TASK DETAILS:
All records are to be printed exactly as they appear.

DATA FOR PROCESSING:
::::

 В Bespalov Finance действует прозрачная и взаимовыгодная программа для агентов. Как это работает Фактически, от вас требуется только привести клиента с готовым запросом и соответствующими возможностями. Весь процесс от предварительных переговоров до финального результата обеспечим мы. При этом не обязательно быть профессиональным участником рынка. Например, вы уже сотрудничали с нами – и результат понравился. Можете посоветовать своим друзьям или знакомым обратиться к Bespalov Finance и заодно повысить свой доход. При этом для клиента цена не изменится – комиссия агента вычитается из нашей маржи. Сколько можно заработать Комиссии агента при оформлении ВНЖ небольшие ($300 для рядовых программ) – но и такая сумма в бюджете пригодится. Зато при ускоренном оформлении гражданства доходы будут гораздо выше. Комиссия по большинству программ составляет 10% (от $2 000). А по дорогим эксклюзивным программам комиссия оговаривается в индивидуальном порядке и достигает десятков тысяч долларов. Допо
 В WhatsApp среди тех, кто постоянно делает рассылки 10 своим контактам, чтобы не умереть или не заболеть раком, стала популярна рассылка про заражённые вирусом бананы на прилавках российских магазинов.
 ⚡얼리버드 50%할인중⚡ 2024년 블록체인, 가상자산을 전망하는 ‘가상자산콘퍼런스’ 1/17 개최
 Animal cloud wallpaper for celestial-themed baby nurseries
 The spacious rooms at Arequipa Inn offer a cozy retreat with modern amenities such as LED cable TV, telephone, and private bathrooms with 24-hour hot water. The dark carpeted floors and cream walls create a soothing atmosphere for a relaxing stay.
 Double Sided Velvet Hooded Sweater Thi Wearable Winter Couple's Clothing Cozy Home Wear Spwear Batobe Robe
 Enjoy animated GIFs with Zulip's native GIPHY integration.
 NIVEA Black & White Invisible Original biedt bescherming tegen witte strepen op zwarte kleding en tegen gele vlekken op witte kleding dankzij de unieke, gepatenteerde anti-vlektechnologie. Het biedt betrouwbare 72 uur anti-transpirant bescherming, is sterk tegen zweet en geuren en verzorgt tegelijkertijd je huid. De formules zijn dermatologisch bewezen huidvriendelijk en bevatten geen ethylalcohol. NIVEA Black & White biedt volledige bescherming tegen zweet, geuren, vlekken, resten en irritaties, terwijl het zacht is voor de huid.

::::

SOLUTION FOR THIS TASK:
 В Bespalov Finance действует прозрачная и взаимовыгодная программа для агентов. Как это работает Фактически, от вас требуется только привести клиента с готовым запросом и соответствующими возможностями. Весь процесс от предварительных переговоров до финального результата обеспечим мы. При этом не обязательно быть профессиональным участником рынка. Например, вы уже сотрудничали с нами – и результат понравился. Можете посоветовать своим друзьям или знакомым обратиться к Bespalov Finance и заодно повысить свой доход. При этом для клиента цена не изменится – комиссия агента вычитается из нашей маржи. Сколько можно заработать Комиссии агента при оформлении ВНЖ небольшие ($300 для рядовых программ) – но и такая сумма в бюджете пригодится. Зато при ускоренном оформлении гражданства доходы будут гораздо выше. Комиссия по большинству программ составляет 10% (от $2 000). А по дорогим эксклюзивным программам комиссия оговаривается в индивидуальном порядке и достигает десятков тысяч долларов. Допо
 В WhatsApp среди тех, кто постоянно делает рассылки 10 своим контактам, чтобы не умереть или не заболеть раком, стала популярна рассылка про заражённые вирусом бананы на прилавках российских магазинов.
 ⚡얼리버드 50%할인중⚡ 2024년 블록체인, 가상자산을 전망하는 ‘가상자산콘퍼런스’ 1/17 개최
 Animal cloud wallpaper for celestial-themed baby nurseries
 The spacious rooms at Arequipa Inn offer a cozy retreat with modern amenities such as LED cable TV, telephone, and private bathrooms with 24-hour hot water. The dark carpeted floors and cream walls create a soothing atmosphere for a relaxing stay.
 Double Sided Velvet Hooded Sweater Thi Wearable Winter Couple's Clothing Cozy Home Wear Spwear Batobe Robe
 Enjoy animated GIFs with Zulip's native GIPHY integration.
 NIVEA Black & White Invisible Original biedt bescherming tegen witte strepen op zwarte kleding en tegen gele vlekken op witte kleding dankzij de unieke, gepatenteerde anti-vlektechnologie. Het biedt betrouwbare 72 uur anti-transpirant bescherming, is sterk tegen zweet en geuren en verzorgt tegelijkertijd je huid. De formules zijn dermatologisch bewezen huidvriendelijk en bevatten geen ethylalcohol. NIVEA Black & White biedt volledige bescherming tegen zweet, geuren, vlekken, resten en irritaties, terwijl het zacht is voor de huid.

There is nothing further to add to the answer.